97 Orchard, by Jane Ziegelman, tells the story of five immigrant families living on Manhattan’s Lower East Side at the turn of the twentieth century. The stories of these Irish, Italian, German and Jewish families emerge through the food they cooked and the struggles they faced. Ziegelman chatted with Moment about American food, Jewish food and the place of immigrants in the American story.

What was the inspiration for 97 Orchard?

The inspiration was the tenement itself. A while back, when I was a graduate student at NYU studying urban anthropology, I heard that this new museum was opening on the Lower East Side devoted to America’s urban pioneers, immigrants who settled in tenement districts on the Lower East Side.

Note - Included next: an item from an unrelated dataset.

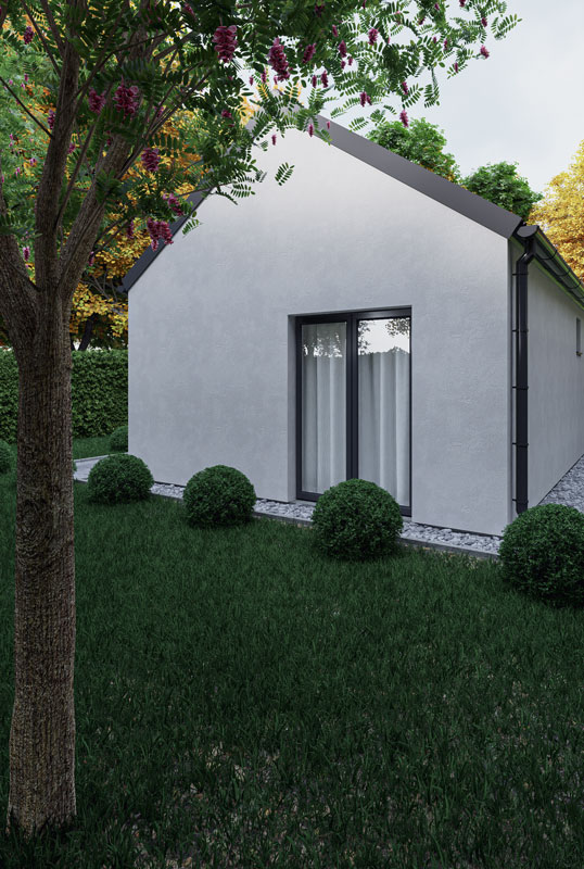 Az A. típusú kétszobás családiház megtervezésekor egyaránt nagy figyelmet kapott a funkcionalitás és az esztétika.

I worked as a volunteer collecting oral histories from former tenement dwellers. They needed people to go around and collect histories of people that had once lived at 97 Orchard Street. One of the people that I met during that time was Josephine Baldizzi, [one of the women featured in 97 Orchard].

Anyone who’s been in that building feels its history and the sense of all of these people having lived there moving through the building. It’s a kind of haunted place in the best sense of the word.

Why did you choose these families specifically?

I chose the particular families because of the ethnic diversity that they represented.

Did you feel a special bond or closeness with any family or character in the book?

I really identified with the women. It seems to me that the men kind of check out in some of the stories in this book, and the women are the heroes of the story. In the Gumpert story, the father essentially abandons his family under the pressures of keeping his family housed during a particularly bad economic period. He buckles under the pressure and leaves the responsibility of caring for the kids to his wife, and she does what has to be done. That’s the story of these immigrants, that they take care of business. They find a way to do what has to be done, particularly in the interest of their children. These were people who had the ability to defer their own dreams and put aside their own needs in the interest of the next generation. And to me, that is really heroic behavior.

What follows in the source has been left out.